Re: [Bacula-users] Extremely Slow Performance on VMware

2012-10-03 13:26:26
Subject: Re: [Bacula-users] Extremely Slow Performance on VMware
From: Rodrigo Abrantes Antunes <rodrigoantunes AT pelotas.ifsul.edu DOT br>
To: bacula-users AT lists.sourceforge DOT net
Date: Wed, 03 Oct 2012 14:22:25 -0300

Citando Geert Stappers <Geert.Stappers AT vanadgroup DOT com>:

Op 20120928 om 20:38 schreef Rodrigo Abrantes Antunes:

Citando Rodrigo Abrantes Antunes <rodrigoantunes AT pelotas.ifsul.edu DOT br>:
Citando Geert Stappers <Geert.Stappers AT vanadgroup DOT com>:
Rodrigo Abrantes Antunes:
> > Director: 5.0.1-1ubuntu1
> > Storage: 5.0.1-1ubuntu1
> > FD: 5.0.1-1ubuntu1 (some clients have lower version)
> > Database: mysqI
> > OS: Ubuntu 10.04.4 x64 Server
> > FC Storage 4 GBits/s.
> > All my network is Gigabit Ethernet.
>
> Yes, and how is the further design?
>
> In others words: The provided list can read as
> One physical computer with fibre channel disk hosts all the VMs.
} One physical computer, with fibre channel disk, hosts all the VMs.
> If it is so, then tell so. Otherwise eloborate the setup, the design.
>
> Back to
>
> > During a backup I can see bacula-sd using 100% cpu,
>
> And where did you see the "100%"? ( Which tool was used to read that
> performance valule? )
>
> I would like to see the output of
>
>     vmstat 2 5
>
> during non-back-up-time and also the output of
>
>     vmstat 2 5
>
> during back-up-time.
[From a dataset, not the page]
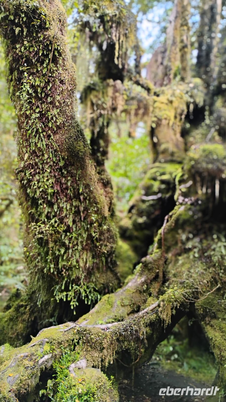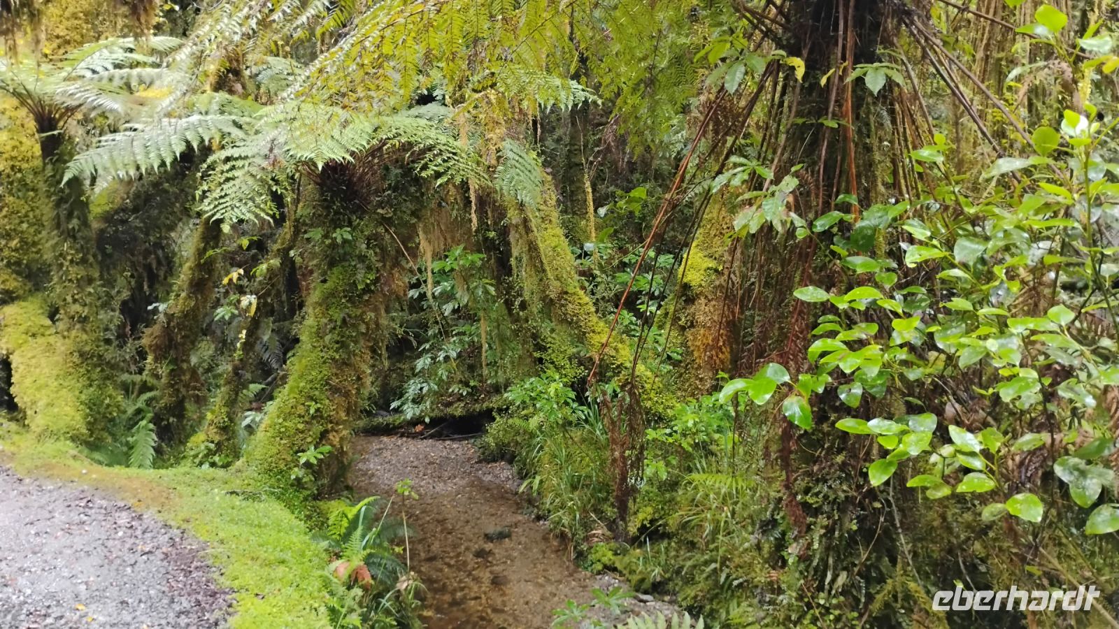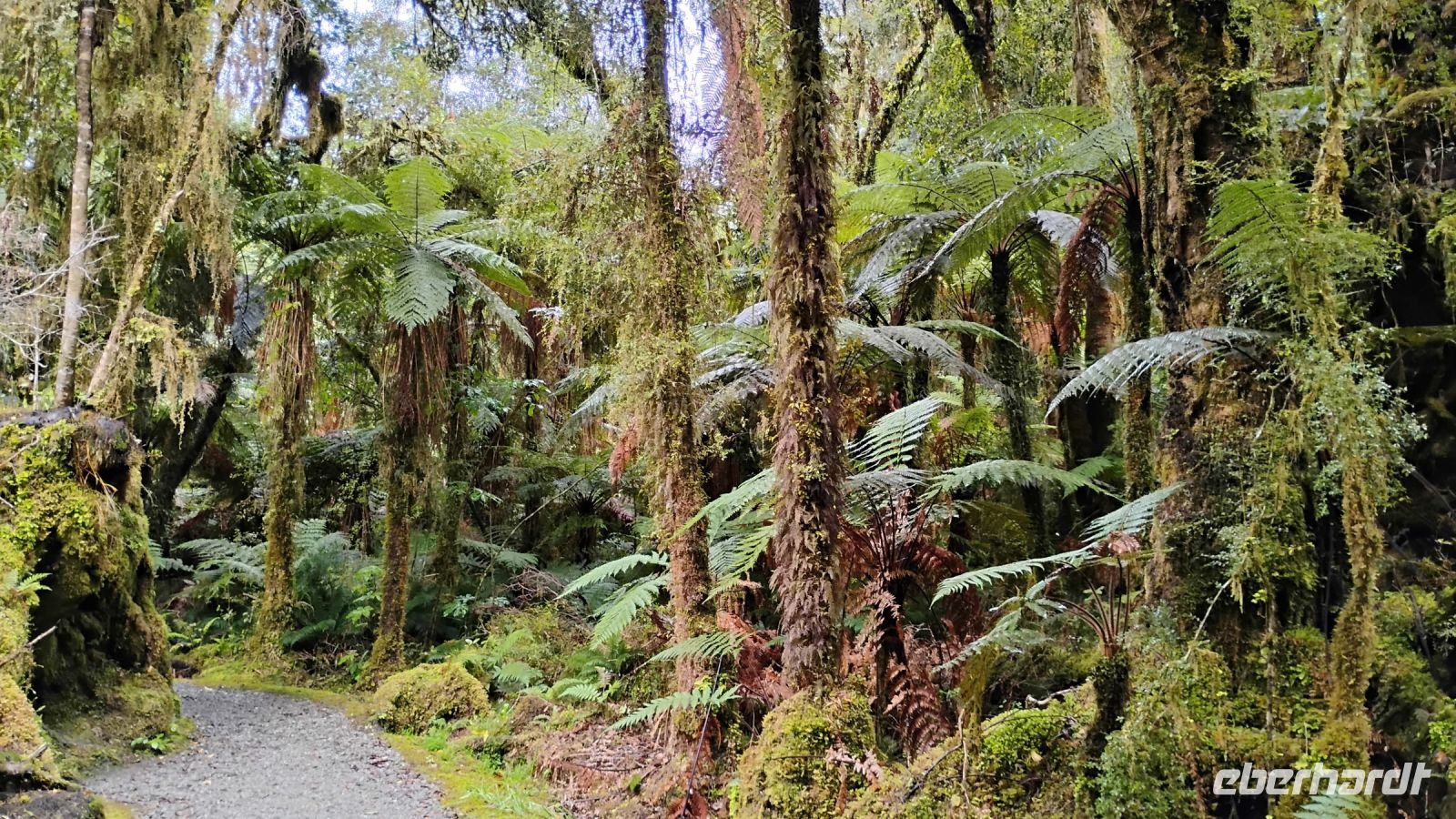 Nach einem kurzen Transfer erreichten wir Fox Glacier und unternahmen eine Wanderung auf dem Minnehaha Walk im Westland Tai Poutini National Park. Die Szenerie wirkte wie aus einem Märchen: Auf den Baumstämmen und Wurzeln wuchsen dicht an dicht Moose, Flechten, Farne und andere Pflanzen in den unterschiedlichsten Grüntönen. Jeder Blick offenbarte neue Details – von feinen Blattstrukturen bis hin zu weichen Moospolstern –, sodass der Wald eine fast unwirkliche, verwunschene Atmosphäre ausstrahlte. Ein Anblick, der uns staunen ließ und dessen besondere Stimmung sich kaum in Fotos einfangen lässt.

Thing I'm interrested in, are the CPU columns.
> Especial the colums "system" and "wait".
>
> <screenshot>
> $ vmstat 2 3
> procs -----------memory---------- ---swap-- -----io---- -system-- ----cpu----
> r  b   swpd   free   buff  cache   si   so    bi    bo   in   cs us sy id wa
> 0  0   6712  11360 192584 159120    0    0     5     4    6   11  5  6 90  0
> 0  0   6712  11344 192584 159120    0    0     0     0   67  342  7 15 79  0
> 0  0   6712  11344 192584 159120    0    0     0     0   65  340  8 14 78  0
> </screenshot>
>
>
> And to avoid an extra e-mail exchange:
> I'm asking for 2 to the power 3, so 8 measurements.
>
> So 2 moments (during backup or outside backup)
> on 2 Bacula compoments ( storage deamon and file deamon ) on the VMs
> on 2 physical hosts.
>
> Yes, that means that I assume the VMware hosts have a 'vmstat' command.
> That is because I'm not familair with VMware, I'm from the Xen world :-)



I have a physical machine that is a Vmware ESX node wich hosts only one vm,
the one with bacula-director, bacula-sd and bacula-fd (called
bacula-server), this vm has an RDM with the fibre channel storage where the
volumes partition is mounted. Then I have all my clients (some are physycal
machines and others are vms in other ESX nodes) with bacula-fd that are
backed up. When I manually run a job to backup one of these clients in
bacula-server I can see (with the command htop) that bacula-sd is using
100% of the cpu, I also noted that the backup starts at around 4MB/s and

What I see for the 'htop' over here, is that there seen to be information
in the color of cpu usage.

It would interresting to see how 100% CPU usage is divide in system, user
and I/O wait.

after some time it is around 300KB/s. If I simple send the same files to be
backed up with scp for example the transfer goes around 100MB/s. The vms
don't have vmstat, I use linux own commands.

AFAIK is 'vmstat' default installed on every Linux and Unix system.

One thing I noted now, in the vm htop says that 100% cpu is used and actually
the machine is very slow when backing up so I think this value is accurate but
in VSphere Client in the performance chart it says that the vm is using only
400Mhz of the 5000Mhz that were allocated, but the node cpu usage is low so I
don't know why it isn't aloccating more MHZ to the bacula-server.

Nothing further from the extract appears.